Facebook owner Meta Platforms plans to deploy into its data centers this year a new version of a custom chip aimed at supporting its artificial intelligence push, according to an internal company document.

The chip, a second generation of an in-house silicon line Meta announced last year, could help to reduce Meta’s dependence on the Nvidia chips that dominate the market and control the spiralling costs associated with running AI workloads as it races to launch AI products.

The world’s biggest social media company has been scrambling to boost its computing capacity for the power-hungry generative AI products it is pushing into Facebook, Instagram and WhatsApp and hardware devices like its Ray-Ban smart glasses, spending billions of dollars to amass arsenals of specialised chips and reconfigure data centers to accommodate them.
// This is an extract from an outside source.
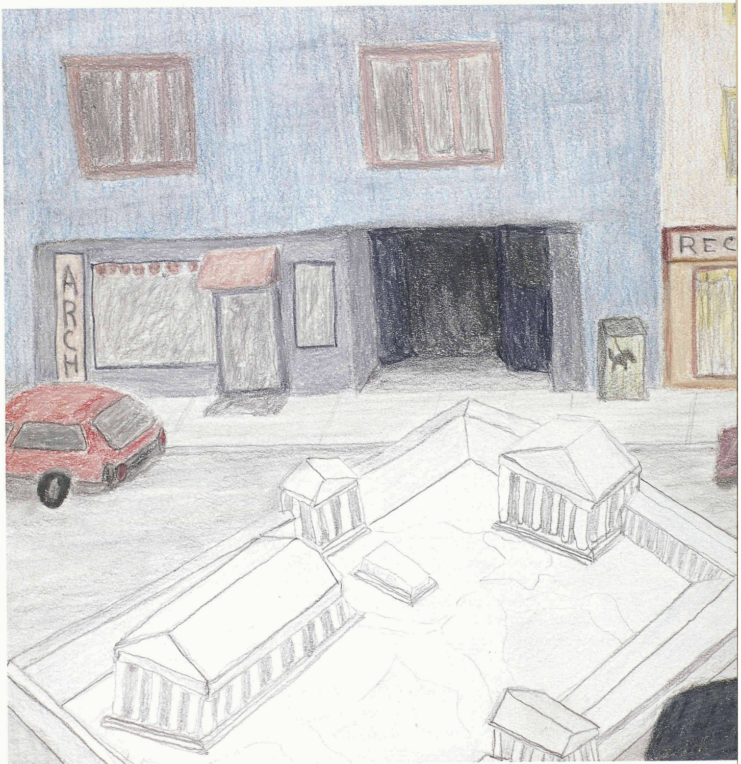
Zeichnungen von David Chieppo

At the scale at which Meta operates, a successful deployment of its own chip could potentially shave off hundreds of millions of dollars in annual energy costs and billions in chip purchasing costs, according to Dylan Patel, founder of the silicon research group SemiAnalysis.
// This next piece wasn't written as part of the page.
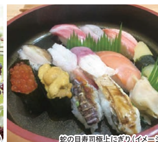
蛇の目寿司極上にぎり(イメージ)
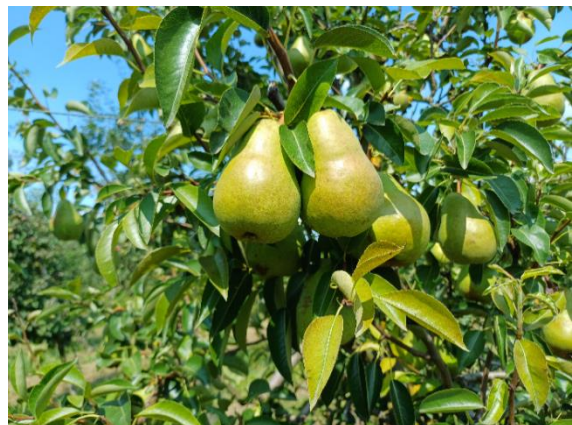
Bildtext: Der Anbau von Tafelbirnen hat in OÖ. in den letzten Jahren stark zugelegt.

58 Obstbaubetriebe bewirtschaften insgesamt 50 Hektar Tafelbirnen. In Oberösterreich wird eine Ernte von rund 2.000 Tonnen erwartet. Die Hälfte der Tafelbirnen wird in biologischer Wirtschaftsweise geführt. Tafelbirnen haben in den letzten Jahren relativ stark zugelegt.

The chips, infrastructure and energy required to run AI applications has become a giant sinkhole of investment for tech companies, to some degree offsetting gains made in the rush of excitement around the technology.

A Meta spokesman confirmed the plan to put the updated chip into production in 2024, saying it would work in coordination with the hundreds of thousands of off-the-shelf graphics processing units (GPUs) — the go-to chips for AI — the company was buying.

“We see our internally developed accelerators to be highly complementary to commercially available GPUs in delivering the optimal mix of performance and efficiency on Meta-specific workloads,” the spokesman said.

H100 processors

Meta CEO Mark Zuckerberg last month said the company planned to have by the end of the year roughly 350 000 flagship H100 processors from Nvidia, which produces the most sought-after GPUs used for AI. Combined with other suppliers, Meta would accumulate the equivalent compute capacity of 600 000 H100s in total, he said.

The deployment of its own chip as part of that plan is a positive turn for Meta’s in-house AI silicon project, after a decision by executives in 2022 to pull the plug on the chip’s first iteration.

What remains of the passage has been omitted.